#### [Supplied material]
-------
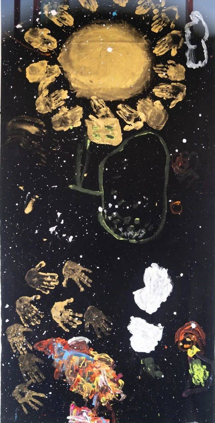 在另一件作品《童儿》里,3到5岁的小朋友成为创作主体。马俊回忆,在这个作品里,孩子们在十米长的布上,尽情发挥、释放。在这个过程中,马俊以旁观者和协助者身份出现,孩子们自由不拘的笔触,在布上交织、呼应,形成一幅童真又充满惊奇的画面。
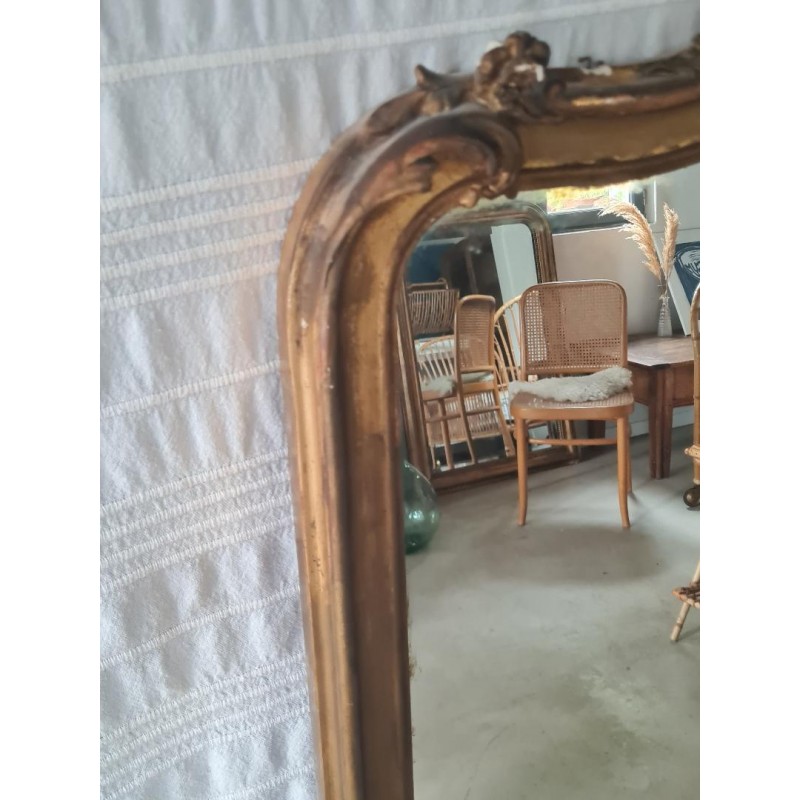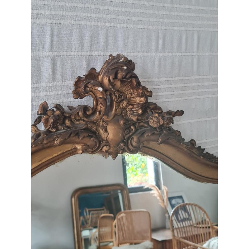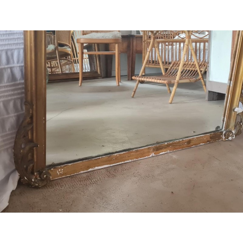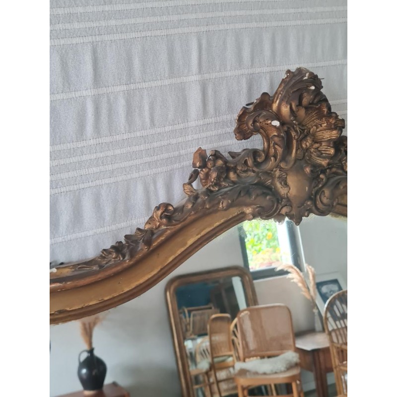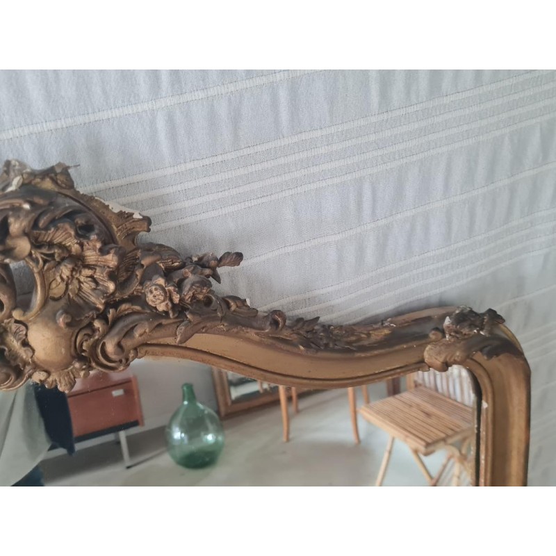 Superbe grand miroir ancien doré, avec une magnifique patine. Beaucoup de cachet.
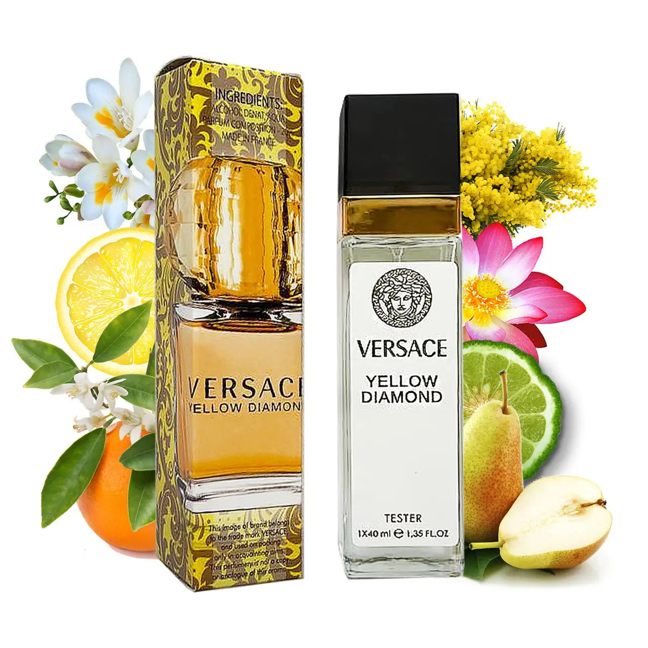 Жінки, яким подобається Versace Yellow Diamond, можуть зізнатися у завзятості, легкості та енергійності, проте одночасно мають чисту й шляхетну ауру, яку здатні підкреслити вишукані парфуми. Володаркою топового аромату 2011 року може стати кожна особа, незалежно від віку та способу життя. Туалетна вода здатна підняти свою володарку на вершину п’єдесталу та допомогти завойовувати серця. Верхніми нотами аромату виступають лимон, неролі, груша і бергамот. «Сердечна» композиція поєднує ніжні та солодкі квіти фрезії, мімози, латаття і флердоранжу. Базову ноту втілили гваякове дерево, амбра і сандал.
-------
#### [Goal of the exercise]
Each line above should be printed again exactly, though the pictures should not be.

#### [Exercise result]
 在另一件作品《童儿》里,3到5岁的小朋友成为创作主体。马俊回忆,在这个作品里,孩子们在十米长的布上,尽情发挥、释放。在这个过程中,马俊以旁观者和协助者身份出现,孩子们自由不拘的笔触,在布上交织、呼应,形成一幅童真又充满惊奇的画面。
 Superbe grand miroir ancien doré, avec une magnifique patine. Beaucoup de cachet.
 Жінки, яким подобається Versace Yellow Diamond, можуть зізнатися у завзятості, легкості та енергійності, проте одночасно мають чисту й шляхетну ауру, яку здатні підкреслити вишукані парфуми. Володаркою топового аромату 2011 року може стати кожна особа, незалежно від віку та способу життя. Туалетна вода здатна підняти свою володарку на вершину п’єдесталу та допомогти завойовувати серця. Верхніми нотами аромату виступають лимон, неролі, груша і бергамот. «Сердечна» композиція поєднує ніжні та солодкі квіти фрезії, мімози, латаття і флердоранжу. Базову ноту втілили гваякове дерево, амбра і сандал.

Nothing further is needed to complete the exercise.